Шрифт:
Интервал:
Закладка:
Возвращавшаяся с обеда секретарша выразительно покрутила пальцем у виска и прибавила шаг, не глядя на них.
– А если б там оказалась какая-нибудь дряхлая мегера с тремя подбородками?.. – Приятель поежился и замычал, передразнивая немощь.
– Плевать, тоже хорошее знакомство. А что? – Шишов встал.
– Погоди, а дальше-то? Еще минута есть.
– Я был у нее. – Шишов пожал плечами, похоже, рассказывать подробности знакомства с Наденькой ему совсем не хотелось.
– Ты? – не отставал приятель. – И как все произошло?
– Поехал к ней в Дурасовский переулок. Позвонил в домофон, зашел в подъезд... Дом новый, банки с красками почти у каждой двери, остатки обоев, а у ее двери ванна стоит с какой-то ветошью.
Приятель жадно слушал.
– Я подумал и поджег эту ветошь и еще раздул как следует. – Шишов вздохнул, вспоминая. – Как дым пошел, я позвонил и спас ее из горящего дома.
– А дом сгорел? – выдохнул приятель.
Шишов хохотнул.
– Ветошь в ванной сгорела вся... Так и познакомились. А Наденька меня как своего спасителя семье представила. – Шишов замолчал. – Пошли, уже второй час.
– А гарнитур как же? Ты хоть видел его?
– Посоветовал не продавать. – Шишов свернул к каморке в конце коридора, где заправлял картриджи и чинил разнообразную канцелярскую мелочь.
– А она?..
– Согласилась. – Иван Ильич вздохнул и поморщился. – Наденька вообще со всем соглашается, ее так папа приучил.
– А какая она? – У приятеля желваки продолжали свою автономную жизнь.
– Обыкновенная дочь, вся в прыщиках, дура дурой, все папе рассказывает, – вздохнул Шишов, садясь за свой стол, на котором в кучу были свалены картриджи. – Ну почему такие дуры рождаются именно у отцов-начальников? – надевая перчатку на правую руку, простонал он.
– А сколько ей? – Приятель оглянулся.
– Двадцать девять, как и мне...
– Засиделась женщина, – мечтательно пробормотал приятель.
– Да, – кивнул Шишов. – Пятьдесят шестой размер.
– Тетка в возрасте. – Приятель что-то подсчитывал на пальцах. – И что, она вправду крокодил?.. А подруги у нее случайно нет такой же?
Шишов пропустил вопрос мимо ушей.
– Так ты ей не сказал, кем работаешь на самом деле? Ну, что заправщиком картриджей, типа офисный планктон? – уточнил приятель.
– Я оценщик антикварной мебели. – Шишов подмигнул.
– Да, ты не похож на дурака, – согласился приятель. – Кем же мне представляться, если тоже найду себе «липучкину»?..
– Телохранителем попробуй. – Шишов хмыкнул, взглянув на худосочного коллегу.
– Скажи, а ты сможешь с «крокодилом» жизнь прожить, детей завести? – задумчиво протянул приятель.

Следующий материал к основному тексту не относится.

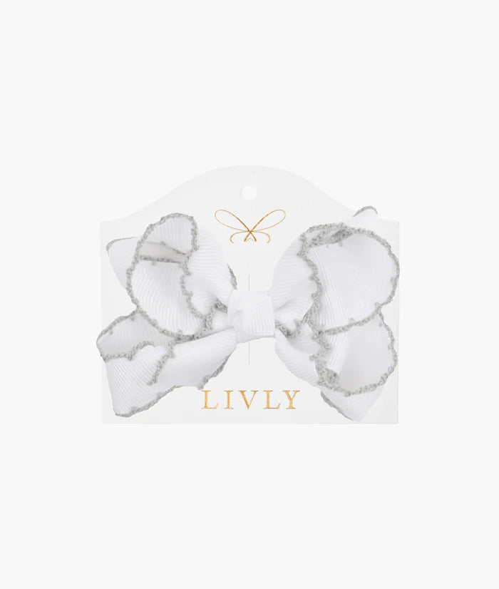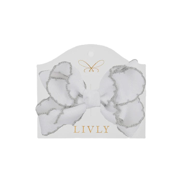 Rosett 8,5 cm, Vit med grå kant, MEDIUM PICOT BOW SNOW ANGEL - Livly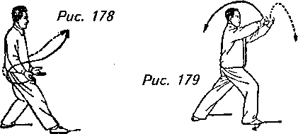 Движение 2: Опустите правую ногу на землю и перенесите на нее тяжесть своего тела, переходя на правый “шаг вдоль кромки радуги”. Сожмите пальцы в кулаки и разведите их в стороны, перемещая их вперед и по окружности, сводя их вместе, как щипцы, на уровне глаз, с ямками в кулаках (образованными большими и указательными пальцами на каждой руке), направленными под углом вниз. Расстояние между кулаками должно быть около 6 дюймов (15 см). Взгляд направляется на правый кулак (рис. 178, 179).

– А я не привередливый. Я теперь раб Наденьки, – отмахнулся Шишов. – Сегодня из салона красоты ее забираю, она там чистку лица делает.
Приятели гоготнули...
Наум вышел из двери приемного покоя, сделал пару шагов и прислонился к дереву в больничном скверике. На истоптанной лужайке валялись окурки, пустые пивные банки и всякая шелуха, а неподалеку бродили ходячие больные, постреливая сигареты у посетителей и медперсонала.
– И зачем я просил этого счастья на свою голову? – Наум с усилием поднял перевязанную голову и поискал глазами солнце.
Его выписали только что, подправив здоровье, после того инцидента с рокером Духовным. У ног Наума стоял пакет с вещами, а одет он был в ту же самую одежду, в которой его привезли в больницу, – шотландский килт и шелковую курточку на «молнии», любезно почищенные сестрой-хозяйкой.
– Что за игра в жизнь, Наум, а если следующий гомофоб убьет тебя? – напоследок задал ему вопрос хирург Александр Лукич Мясников. – Тебя спас внезапный приступ панического страха, ты из последних сил сумел убежать от этого рокера, как его там?..
– Квач Духовный, – с отвращением вспомнил имя мотоциклиста и врага своего Наум.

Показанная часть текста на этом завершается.